From the listing below, output the lines between the one with "Перехідник KIN KY-176" and the one with "当转生BOSS、秘境BOSS", including those two, and nothing else. Pictures are not copied.

DATA TO EXAMINE.
****************
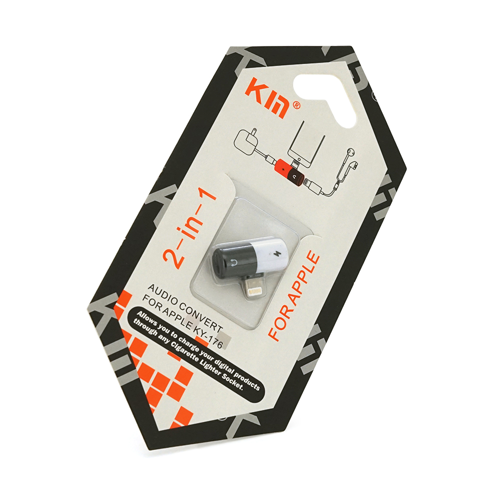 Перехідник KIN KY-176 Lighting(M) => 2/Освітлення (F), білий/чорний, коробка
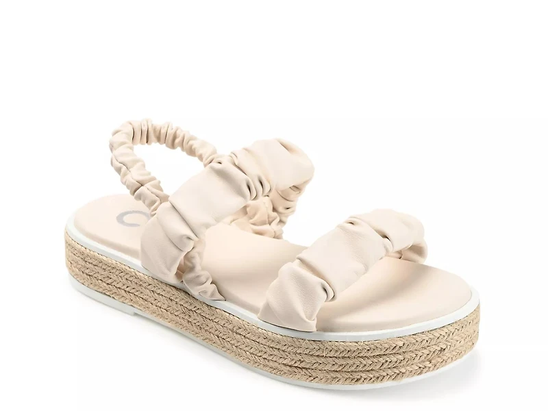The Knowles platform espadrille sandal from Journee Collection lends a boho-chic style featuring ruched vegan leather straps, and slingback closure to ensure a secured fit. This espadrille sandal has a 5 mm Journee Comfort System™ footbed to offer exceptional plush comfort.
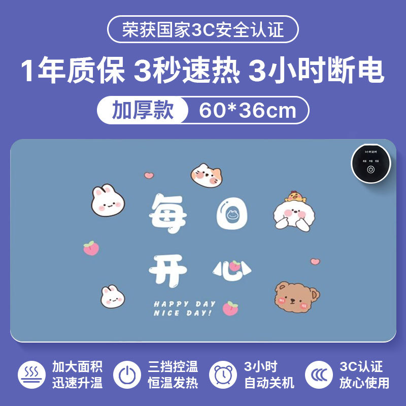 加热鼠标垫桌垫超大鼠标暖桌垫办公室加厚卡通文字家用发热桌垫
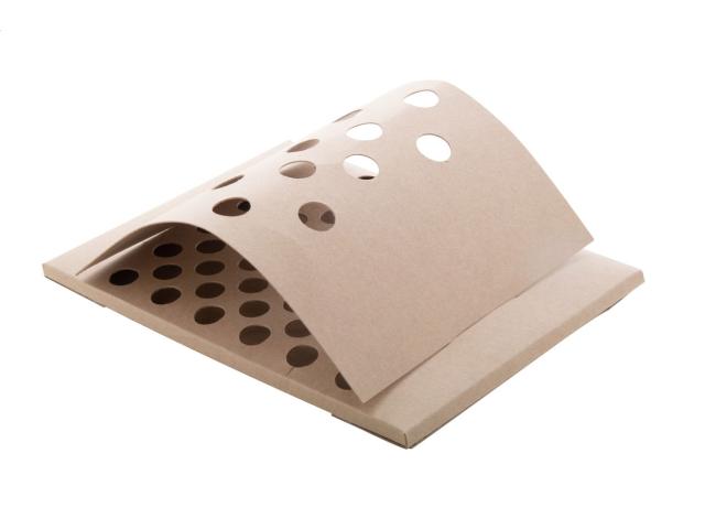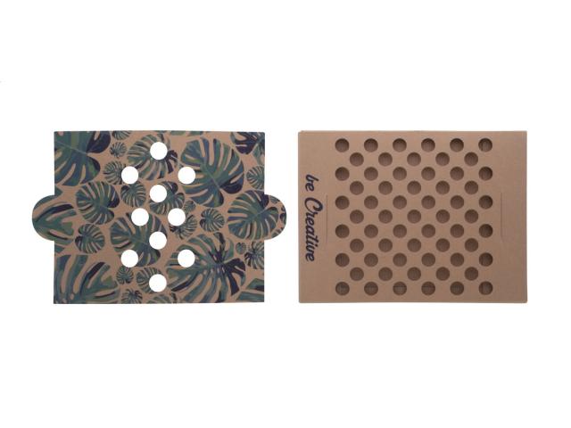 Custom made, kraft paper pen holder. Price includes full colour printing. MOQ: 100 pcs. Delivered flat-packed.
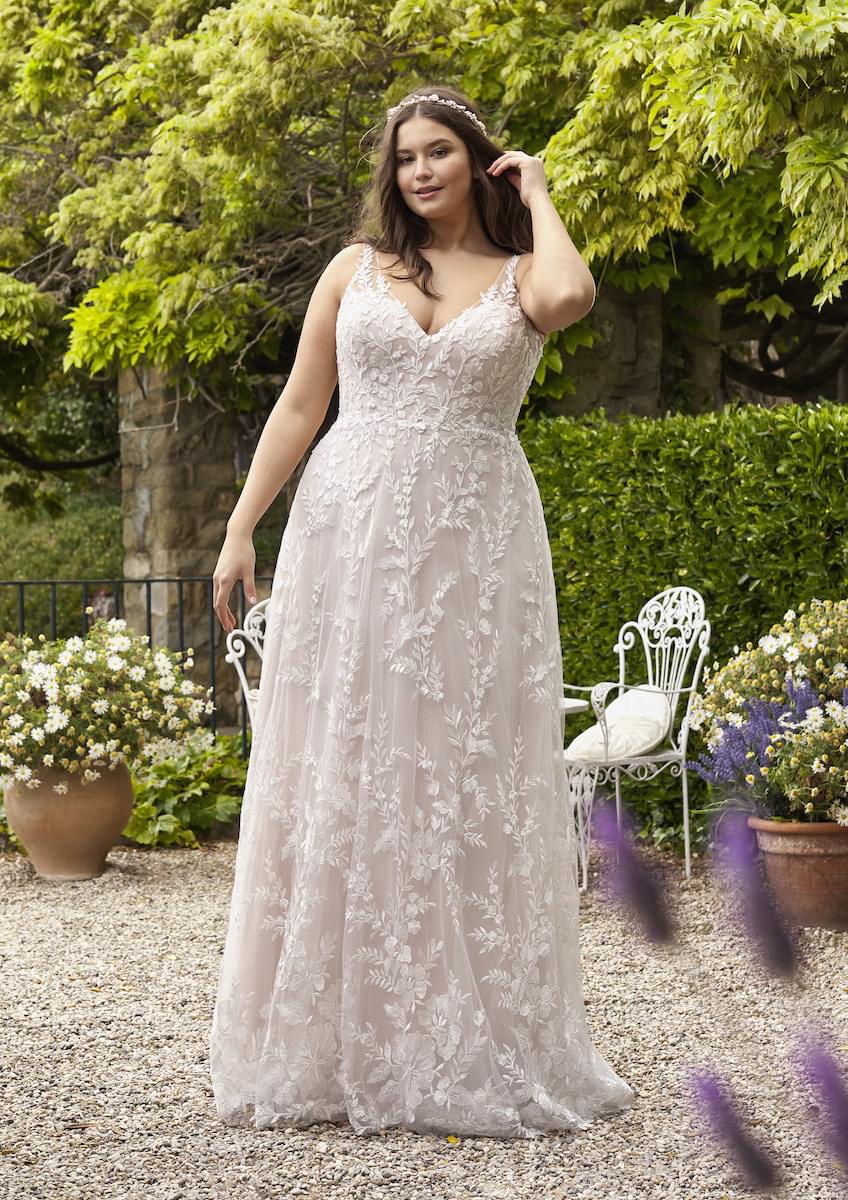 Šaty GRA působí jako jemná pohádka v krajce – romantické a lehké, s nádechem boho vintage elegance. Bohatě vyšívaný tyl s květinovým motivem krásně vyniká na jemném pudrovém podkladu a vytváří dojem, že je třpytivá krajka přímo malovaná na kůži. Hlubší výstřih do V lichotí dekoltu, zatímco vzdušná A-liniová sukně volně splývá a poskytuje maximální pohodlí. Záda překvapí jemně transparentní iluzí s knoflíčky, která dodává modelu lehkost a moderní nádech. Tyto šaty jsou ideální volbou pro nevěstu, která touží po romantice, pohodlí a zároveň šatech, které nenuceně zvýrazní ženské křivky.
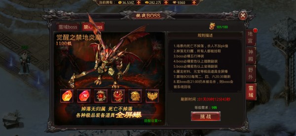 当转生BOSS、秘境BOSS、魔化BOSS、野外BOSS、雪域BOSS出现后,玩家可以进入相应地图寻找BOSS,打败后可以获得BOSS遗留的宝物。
****************
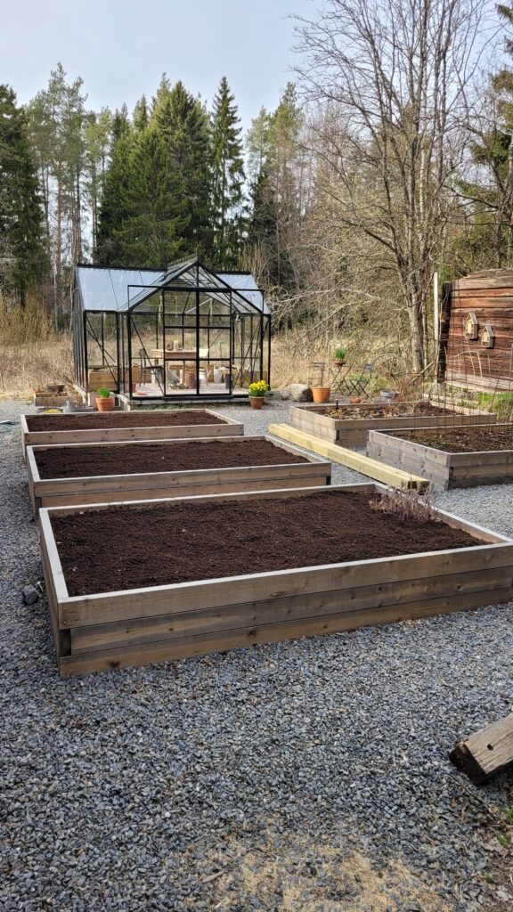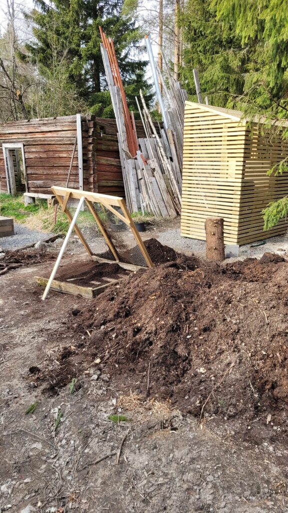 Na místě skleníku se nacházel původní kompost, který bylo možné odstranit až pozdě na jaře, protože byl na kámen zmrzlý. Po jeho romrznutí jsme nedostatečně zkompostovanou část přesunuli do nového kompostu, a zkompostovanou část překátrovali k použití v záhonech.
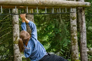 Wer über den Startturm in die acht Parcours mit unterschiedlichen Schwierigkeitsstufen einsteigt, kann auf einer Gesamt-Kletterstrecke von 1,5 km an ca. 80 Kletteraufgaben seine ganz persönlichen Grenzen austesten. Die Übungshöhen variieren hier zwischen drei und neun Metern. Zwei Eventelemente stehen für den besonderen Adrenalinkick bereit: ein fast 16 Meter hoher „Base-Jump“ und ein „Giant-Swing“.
****************
EXERCISE RESPONSE.
 Перехідник KIN KY-176 Lighting(M) => 2/Освітлення (F), білий/чорний, коробка
The Knowles platform espadrille sandal from Journee Collection lends a boho-chic style featuring ruched vegan leather straps, and slingback closure to ensure a secured fit. This espadrille sandal has a 5 mm Journee Comfort System™ footbed to offer exceptional plush comfort.
 加热鼠标垫桌垫超大鼠标暖桌垫办公室加厚卡通文字家用发热桌垫
 Custom made, kraft paper pen holder. Price includes full colour printing. MOQ: 100 pcs. Delivered flat-packed.
 Šaty GRA působí jako jemná pohádka v krajce – romantické a lehké, s nádechem boho vintage elegance. Bohatě vyšívaný tyl s květinovým motivem krásně vyniká na jemném pudrovém podkladu a vytváří dojem, že je třpytivá krajka přímo malovaná na kůži. Hlubší výstřih do V lichotí dekoltu, zatímco vzdušná A-liniová sukně volně splývá a poskytuje maximální pohodlí. Záda překvapí jemně transparentní iluzí s knoflíčky, která dodává modelu lehkost a moderní nádech. Tyto šaty jsou ideální volbou pro nevěstu, která touží po romantice, pohodlí a zároveň šatech, které nenuceně zvýrazní ženské křivky.
 当转生BOSS、秘境BOSS、魔化BOSS、野外BOSS、雪域BOSS出现后,玩家可以进入相应地图寻找BOSS,打败后可以获得BOSS遗留的宝物。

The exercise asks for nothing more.